Authors: Boxman, Ingeborg L.A.¹; Tilburg, Jeroen J.H.C.¹; te Loeke, Nathalie A.J.M.¹; Vennema, Harry²; de Boer, Enne¹; Koopmans, Marion²

Source: Journal of Food Protection®, Volume 70, Number 2, February 2007 , pp. 504-508(5)

Publisher: International Association for Food Protection

Abstract:

Noroviruses have emerged as the most common cause of foodborne outbreaks of acute nonbacterial gastroenteritis. In this study, two methods for the extraction of viruses from deli ham were compared. Using both methods, as little as 1 to 10 reverse transcription (RT)-PCR units of inoculated norovirus and enterovirus could be detected by nested RT-PCR assays. The fastest and most efficient extraction method based on TRIzol LS Reagent was chosen to identify viruses in food items associated with three different outbreaks. Norovirus was detected using nested (real time) RT-PCR assays that target the genome region routinely used for diagnosis of human cases, thereby facilitating the comparison of sequences detected in food and clinical specimens. For one outbreak, a norovirus sequence (163/163 nucleotides) identical to those detected in clinical samples was found on salami sliced by a food handler with a recent history of gastroenteritis.
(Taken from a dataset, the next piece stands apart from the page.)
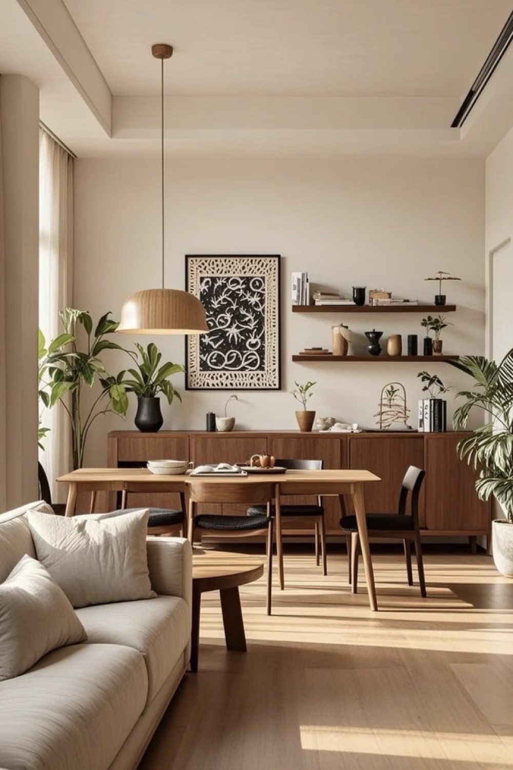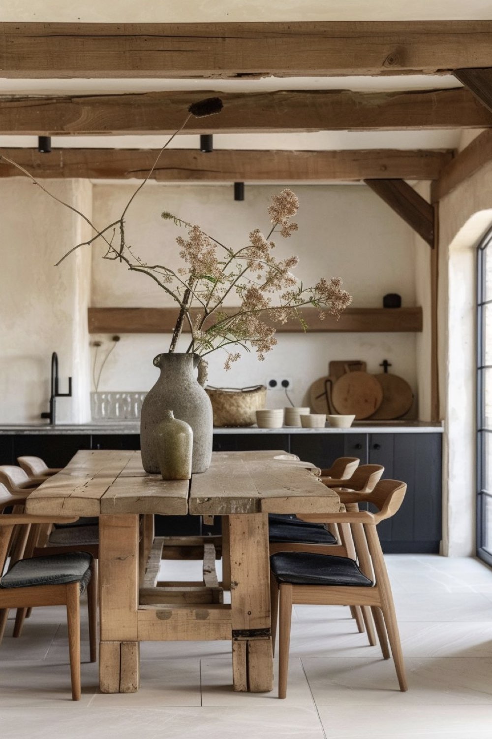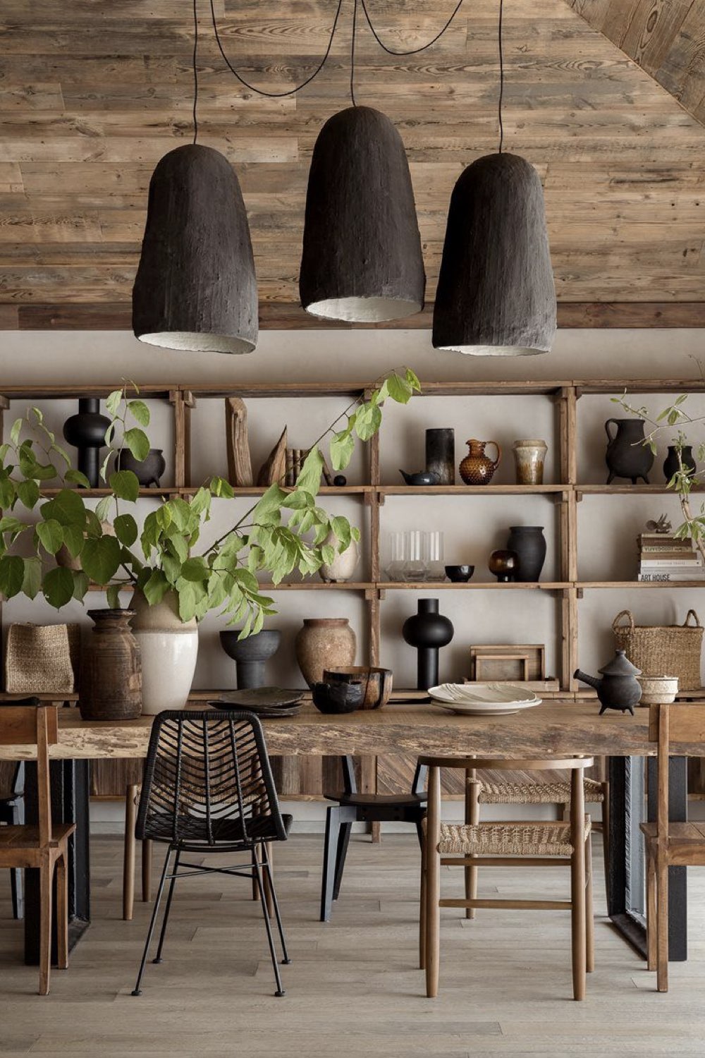 Une table en bois au coeur d'une salle à manger nature

For the other two outbreaks, norovirus was detected on leftovers of spareribs and ham, but fecal samples from affected persons were not available. The methods used in this study may be useful in future outbreak investigations because the extraction method is easy to perform and suitable for this particular type of food and the detection method facilitates direct comparison of patient and food data.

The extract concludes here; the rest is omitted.